This repository is meant to be a template for building your own custom Universal Blue image. This template is the recommended way to make customizations to any image published by the Universal Blue Project:

This template includes a Containerfile and a Github workflow for building the container image. As soon as the workflow is enabled in your repository, it will build the container image and push it to the Github Container Registry.

Prerequisites

Working knowledge in the following topics:

How to Use

Template

Select Use this Template and create a new repository from it. To enable the workflows, you may need to go the Actions tab of the new repository and click to enable workflows.

Containerfile

This file defines the operations used to customize the selected image.
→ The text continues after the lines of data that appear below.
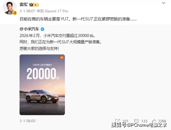 小米集团创始人雷军在转发销量数据时特别强调,这一成绩是在传统销售淡季与新能源汽车市场竞争加剧的双重背景下取得的。他指出,YU7的销量突破不仅验证了小米汽车在主流乘用车市场的竞争力,也为后续产品布局奠定了基础。据悉,小米汽车即将推出新一代SU7车型,该车型将进一步丰富产品矩阵,覆盖更多细分市场需求。
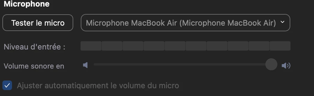 Rraphi_rNewcomerForum|Forum|3 years agoJune 3, 2022QuestionAutomatically adjust microphone volume zoom is greyForum|Forum|3 years agoJune 3, 20223 replies5 viewshi all,I have a problem.I can't modify this option on zoom: "Automatically adjust microphone volume " it's grey and i can click....someone can help me ?thanks a lot !
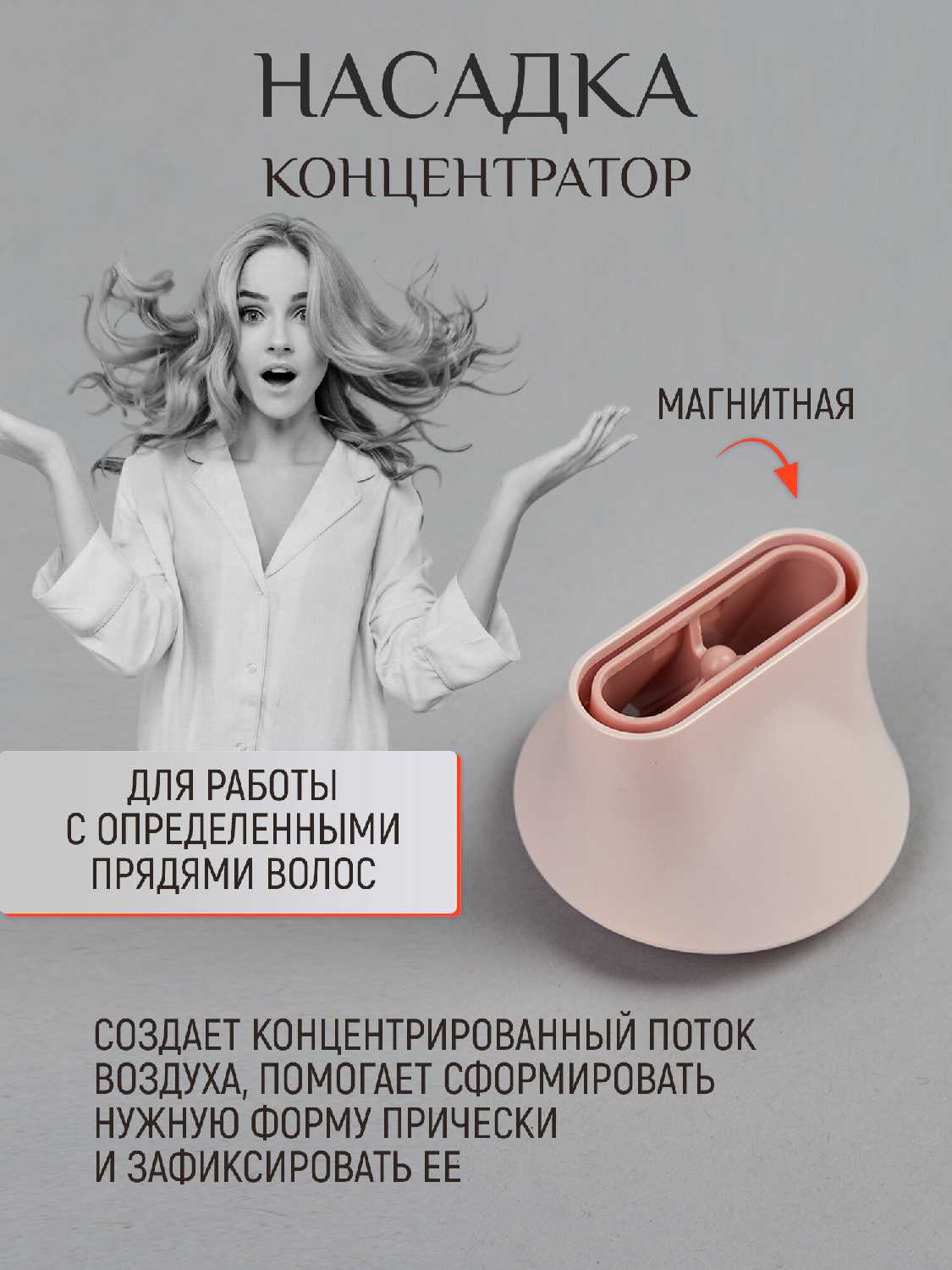 В базовую комплектацию всегда входят диффузор для кудрявых волос и насадка-расчёска, но некоторые пользователи не получили заявленные зажимы для волос. Насадки фиксируются магнитами или защёлками, обеспечивая стабильное крепление без люфтов. Важно уточнять у продавца полный перечень комплектующих перед покупкой. -

It contains examples of possible modifications, including how to:

  • change the upstream from which the custom image is derived
  • add additional RPM packages
  • add binaries as a layer from other images

Workflows

build.yml

This workflow creates your custom OCI image and publishes it to the Github Container Registry (GHCR). By default, the image name will match the Github repository name.

Container Signing

Container signing is important for end-user security and is enabled on all Universal Blue images. It is recommended you set this up, and by default the image builds will fail if you don't.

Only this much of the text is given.